> SOURCE DATA:
=== Begin Enclosure ===

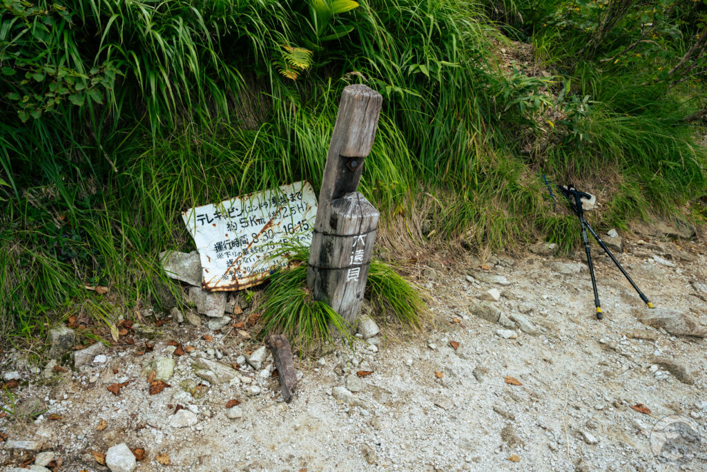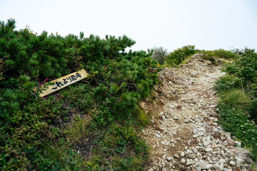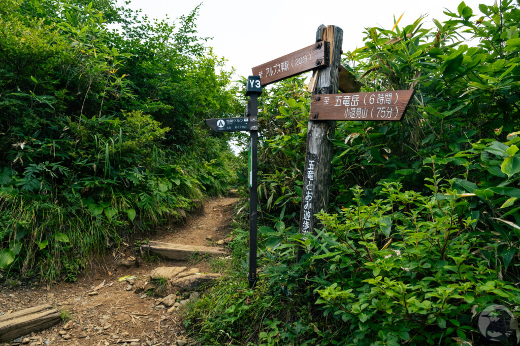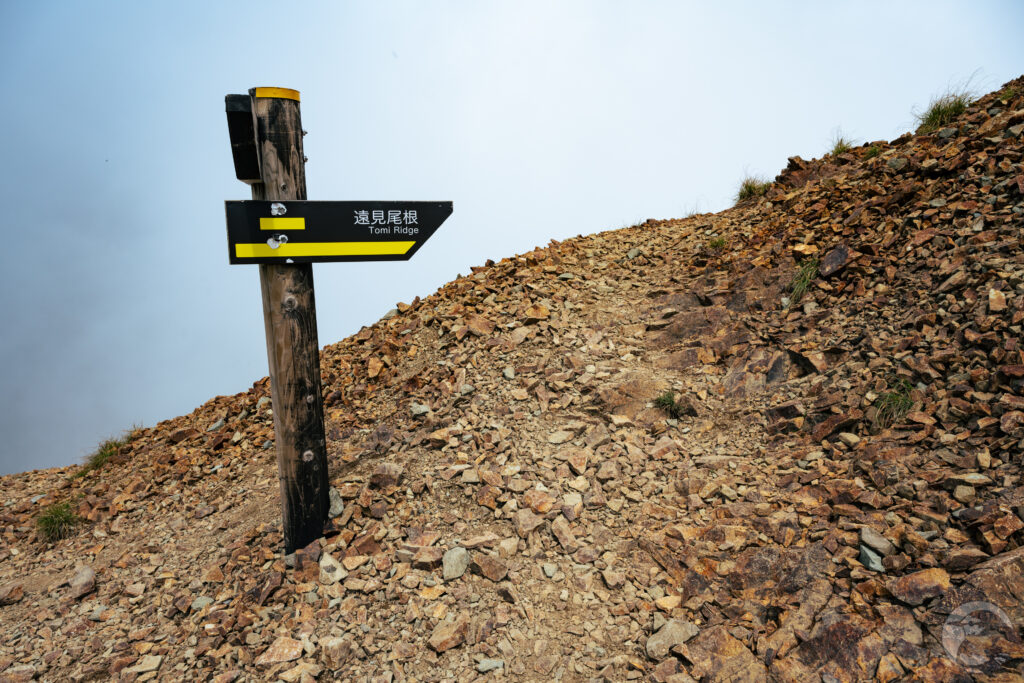 山荘の裏をちょっとだけ登り返して遠見尾根分岐に来ました。ここから下っていきます。
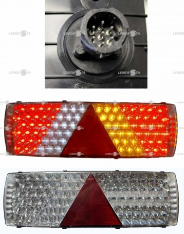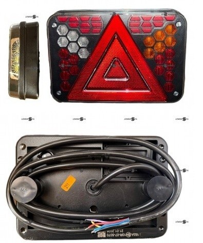 Ilgis 240mm, aukštis 140mm, storis 52mm, tarp varžtų 152mm. Nr. apšvietimas, priešrūkinis, atbulinis, stabdis, posūkis, gabaritas. Su varža- klaidų "apgaviku" |
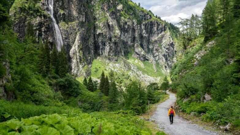 Ein Blick auf den Talboden Sportgasteins und die Hohe Tauern - die Wanderung startet. Entlang des Zwei-Farben-Flusses führt der Weg vorbei an Speicherkavernen bis zum Kraftwerk Nassfeld. Von dort aus leitet eine alte Trasse – die alte Nassfeldstraße, einst wichtig für Handel und Bergbau, in Richtung Böckstein. Der Weg ist gesäumt von vielen Naturattraktionen – der Bärenfall, Schleierfall und Kesselfall tosen mächtig von den Bergen herab. Nicht nur die Geschichte des Bergbaues wird entlang des Weges deutlich, sondern auch Relikte aus dem Ersten Weltkrieg – die „Russen Brücke“ wurde zu Zeiten des Ersten Weltkrieges von russischen Kriegsgefangenen gebaut. Die beiden Astenalmen (bewirtschaftet) gehören zu den ältesten des Gasteinertales und laden zum Einkehren ein. Der Themenweg des Gasteiner Heilstollens führt vorbei an einer einstigen Schmelzhütte und dem Pulverturm von Altböckstein nach Böckstein. Die wunderschöne Wallfahrtskirche „Maria vom Guten Rat“, die auf einer Anhöhe gelegen ist, bietet einen optimalen Blick auf die geplante Stadt Böckstein.

=== End Enclosure ===

> TASK BRIEF:
Without including any picture, repeat the data exactly.

> RESULT OF THIS TASK:
 山荘の裏をちょっとだけ登り返して遠見尾根分岐に来ました。ここから下っていきます。
 Ilgis 240mm, aukštis 140mm, storis 52mm, tarp varžtų 152mm. Nr. apšvietimas, priešrūkinis, atbulinis, stabdis, posūkis, gabaritas. Su varža- klaidų "apgaviku" |
 Ein Blick auf den Talboden Sportgasteins und die Hohe Tauern - die Wanderung startet. Entlang des Zwei-Farben-Flusses führt der Weg vorbei an Speicherkavernen bis zum Kraftwerk Nassfeld. Von dort aus leitet eine alte Trasse – die alte Nassfeldstraße, einst wichtig für Handel und Bergbau, in Richtung Böckstein. Der Weg ist gesäumt von vielen Naturattraktionen – der Bärenfall, Schleierfall und Kesselfall tosen mächtig von den Bergen herab. Nicht nur die Geschichte des Bergbaues wird entlang des Weges deutlich, sondern auch Relikte aus dem Ersten Weltkrieg – die „Russen Brücke“ wurde zu Zeiten des Ersten Weltkrieges von russischen Kriegsgefangenen gebaut. Die beiden Astenalmen (bewirtschaftet) gehören zu den ältesten des Gasteinertales und laden zum Einkehren ein. Der Themenweg des Gasteiner Heilstollens führt vorbei an einer einstigen Schmelzhütte und dem Pulverturm von Altböckstein nach Böckstein. Die wunderschöne Wallfahrtskirche „Maria vom Guten Rat“, die auf einer Anhöhe gelegen ist, bietet einen optimalen Blick auf die geplante Stadt Böckstein.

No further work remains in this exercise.